After you interview the company, gain a better understanding, and start your action plan, you then should take a deeper look into financials. You always want to make sure the accounting system is clean.
You can’t be a good financial leader if you have bad numbers! You have to have a good foundation, with good accounting systems and records in place. Garbage in, garbage out. You can’t analyze garbage numbers and come up with anything meaningful. If you have a great system, that’s awesome! You can skip this step.
So the first thing you should do is organize your accounting information so you can develop the right metrics.
But what are good metrics?
Normally, we like to have an economic picture in mind of how the company makes money before we go any further. We ask them, What are your economics? If we’re sitting down with a CEO or controller of a company and having a beer or a glass of wine, we’ll ask… Can you quickly write down on a cocktail napkin your company’s economics and how you make money? Generally, the CEO can. Sometimes, operations and sales can. But rarely can anyone tell us accurately how they make money. Often no one, including CEO, COO, or Salesman, really relates it back to the financial results.
Traditional financial statements have been around since before the 14th century.
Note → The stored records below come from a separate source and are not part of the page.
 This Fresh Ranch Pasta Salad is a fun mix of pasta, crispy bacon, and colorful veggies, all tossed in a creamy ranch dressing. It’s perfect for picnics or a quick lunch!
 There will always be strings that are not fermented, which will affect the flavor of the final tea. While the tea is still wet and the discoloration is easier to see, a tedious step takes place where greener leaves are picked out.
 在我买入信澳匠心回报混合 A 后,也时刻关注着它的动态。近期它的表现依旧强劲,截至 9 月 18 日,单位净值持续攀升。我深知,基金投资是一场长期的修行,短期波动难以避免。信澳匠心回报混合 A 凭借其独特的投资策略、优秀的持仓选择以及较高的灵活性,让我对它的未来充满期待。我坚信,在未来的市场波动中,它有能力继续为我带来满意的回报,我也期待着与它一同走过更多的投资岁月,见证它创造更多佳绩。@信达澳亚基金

Generally, Accounting isn’t very progressive. You wouldn’t drive a car looking out the rear-view mirror. You need to develop tools to look forward.
One of your problems you might have is, usually you don’t prepare your financial statements until the second to fourth week of the following month. You could be losing money weekly for the first two or three months, make money, but in the end be losing money for the previous 6 weeks and not find out until the next month. In that, you need to develop a flash report or dashboard.
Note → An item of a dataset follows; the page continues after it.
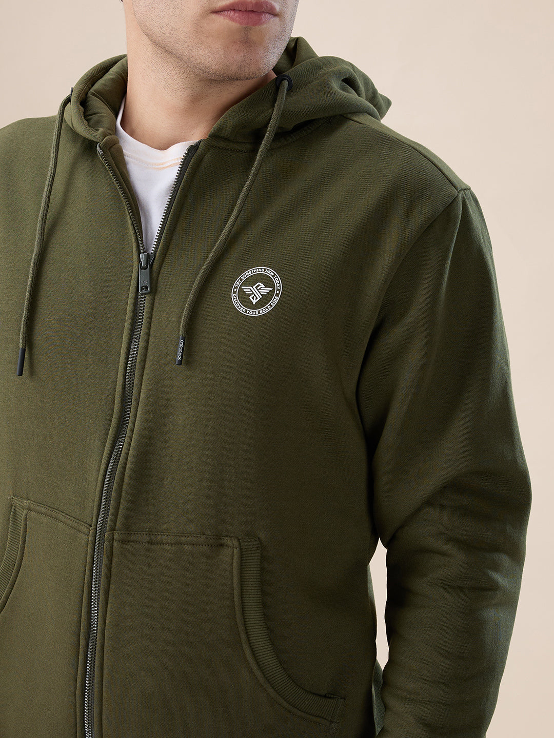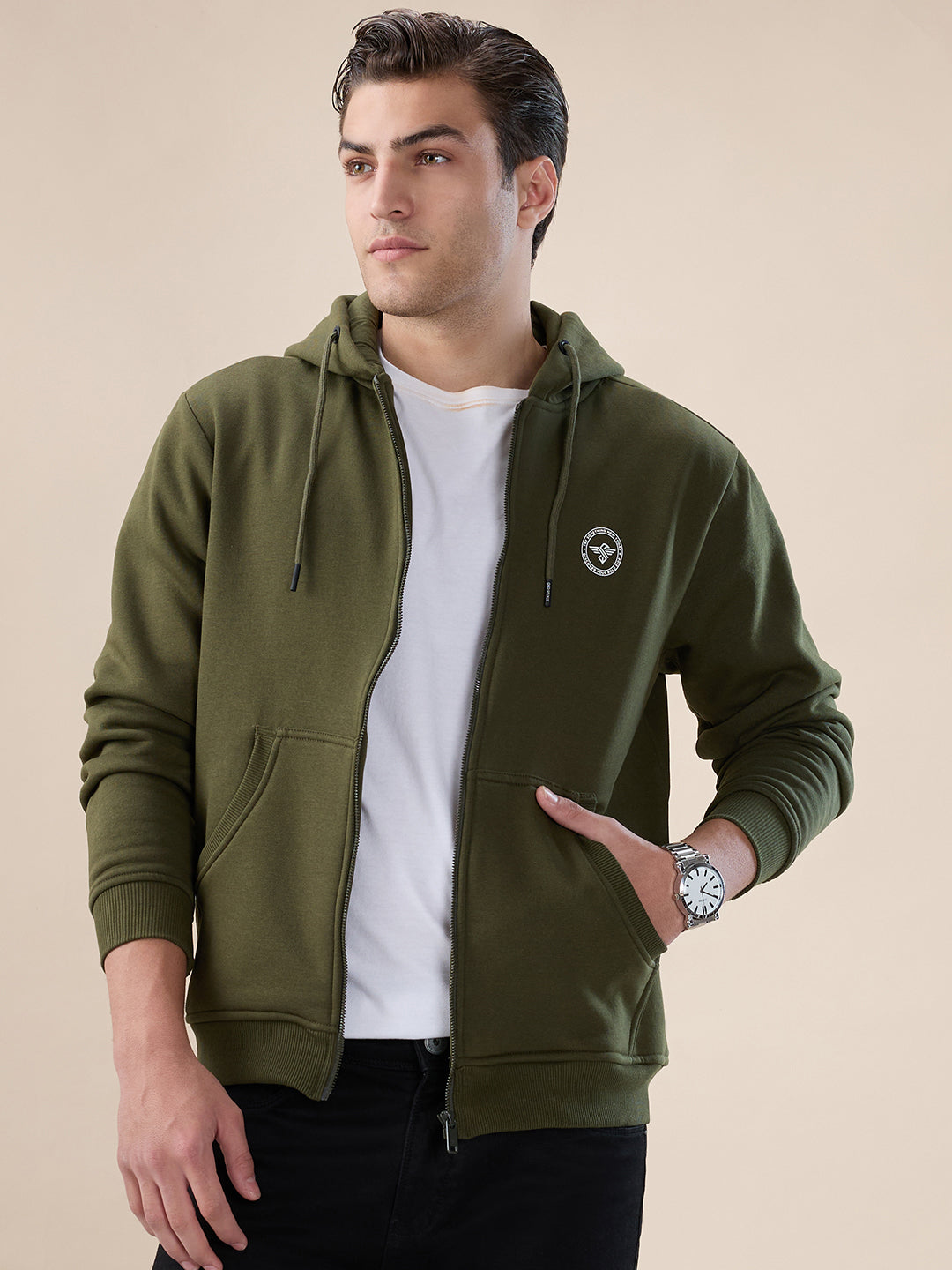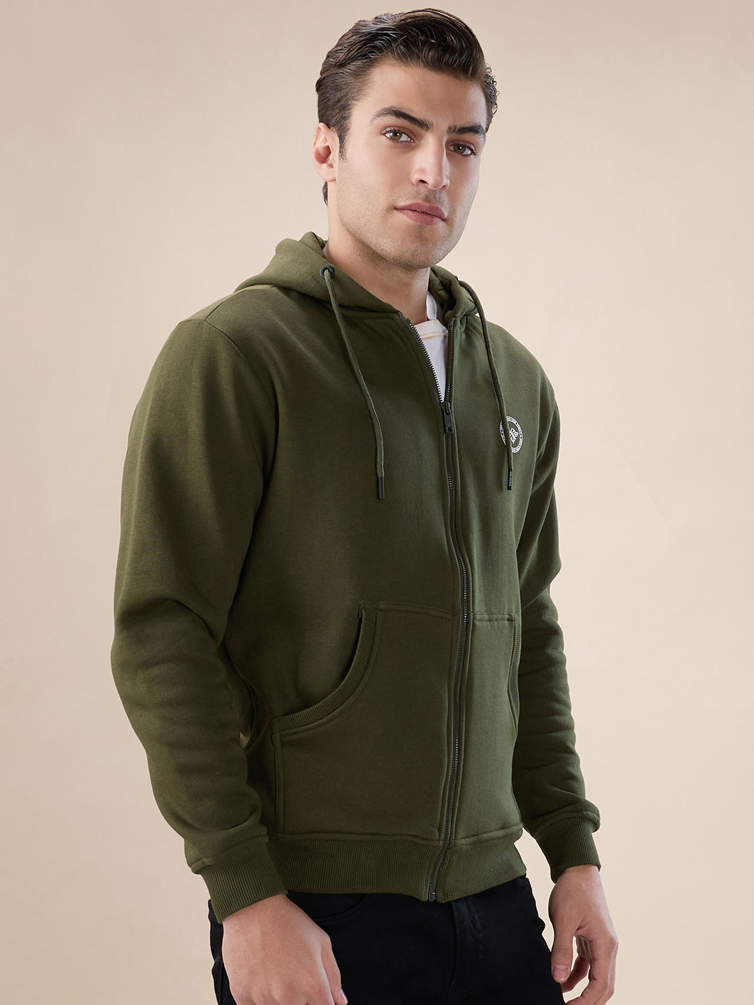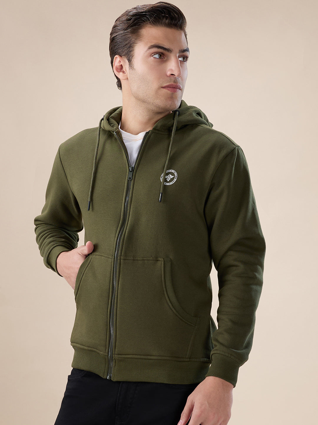 OLIVE Men's Chest Brand Logo Printed Regular Fit Hooded Fleece Zip Up Sweatshirt

How do you know if you have a good accounting system?
1. You’re able to close the books within 2 weeks of Month End (ME).
If you can close within a week to 10 days, that’s good. Great is 3 days or less.
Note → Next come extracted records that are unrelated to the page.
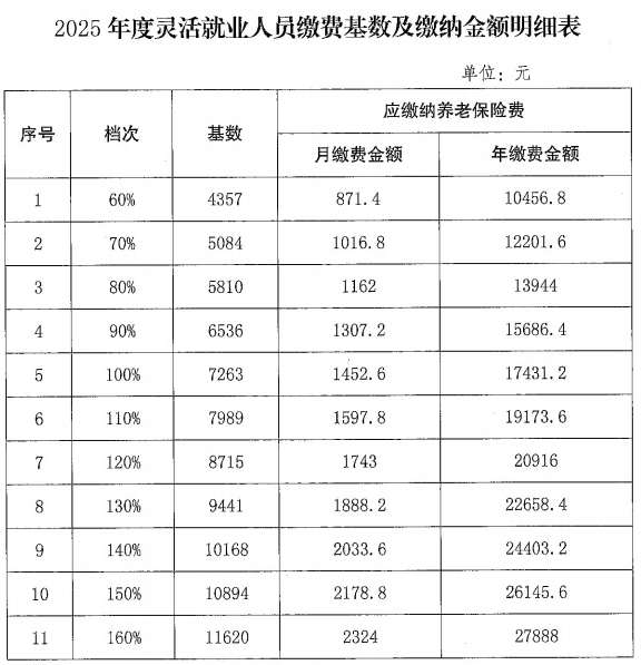 2025年,共设置25个缴费档次供参保人员自主选择,详见下表。
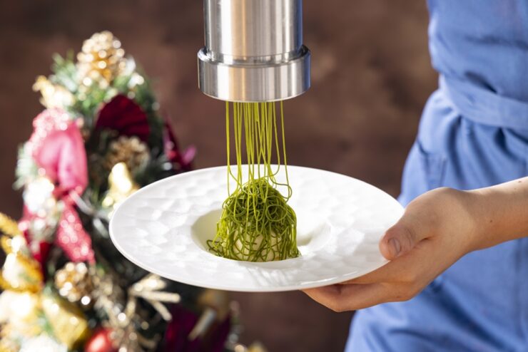 さらに、ライブステーションでは、目の前で仕上げる「和栗の生絞り抹茶モンブラン」「炙りバスクチーズケーキ ミックスベリークーリー添え」「ストロベリーショートケーキ」がホリデーシーズンのひとときを華やかに演出! 実際に体験してきたので、写真とともに紹介します。
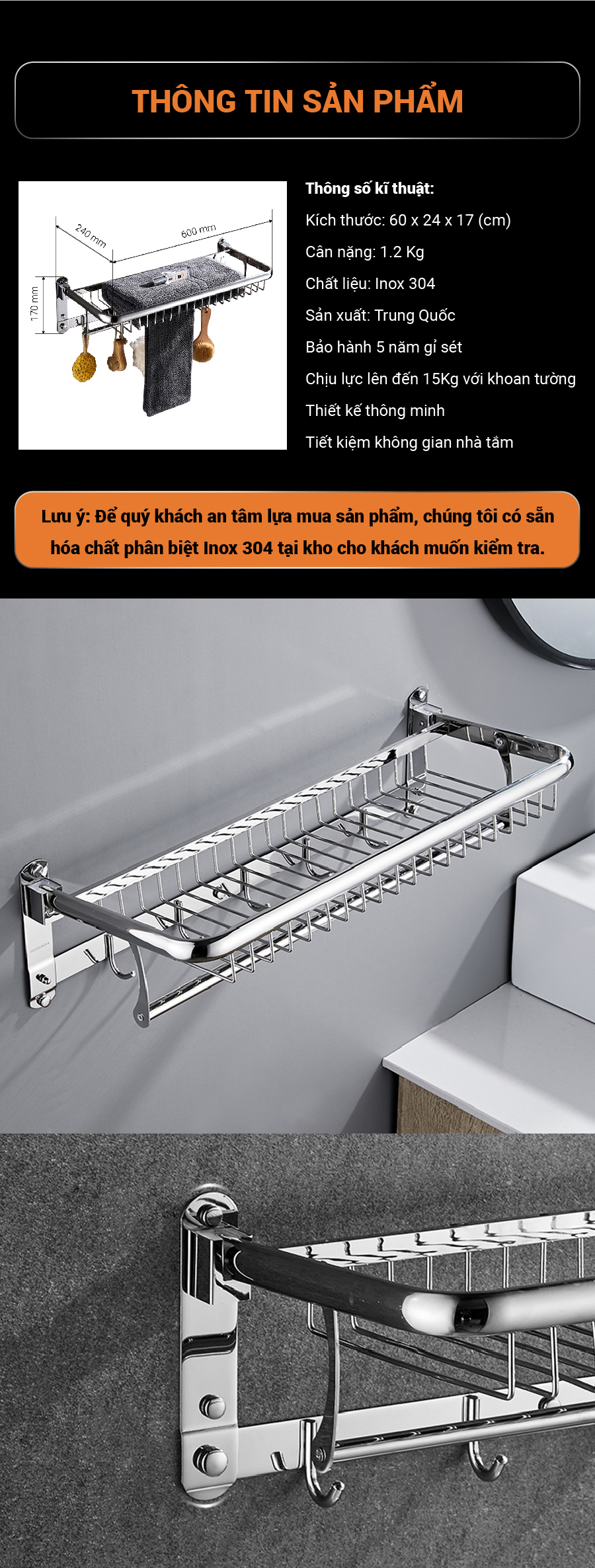 LƯU Ý: Để quý khách an tâm lựa mua sản phẩm, chúng tôi có sẵn hoá chất phân biệt inox 304 tại kho cho khách muốn kiểm tra.

2. Have less than 10 adjusted journal entries at Year End (YE).
This tells us a lot that you’re not having to clean up a bunch of journal entries.
3. Be 95+% accurate on your Profit and Loss Statement.
The trade-off you’ll have on organizing the accounting system is accuracy vs. timing. If you give your accountants 4 weeks to provide financial statements after a month-end, and they don’t have to finish it for 4 more weeks, they can make them very accurate. If you give them 6 months, it will be dead-solid perfect. That’s why most auditors don’t come in 2-3 months after year-end, because they can look at transactions on both sides and make sure you put the right things in the right bucket.
Conversely, as a financial leader and operator, a month to two months seems too late. You’ll be looking too much through your back mirror when most CEOs are three months ahead of where they are today. Accuracy is a major tradeoff in this relationship, because a financial statement done in three days won’t be 99% accurate compared to six months of work.
The question you have to ask yourself is: Does it matter? Other than the year-end statement, the purpose of a financial statement is to help you make decisions going forward – to help you look through the windshield rather than the rear-view mirror. If you’re four weeks behind, the CEO is already a month or two down the road.
That’s why we tend to prefer closing quicker with less accuracy, often where you have to get the management team to buy the same idea. In the end, it rolls from one month to the next.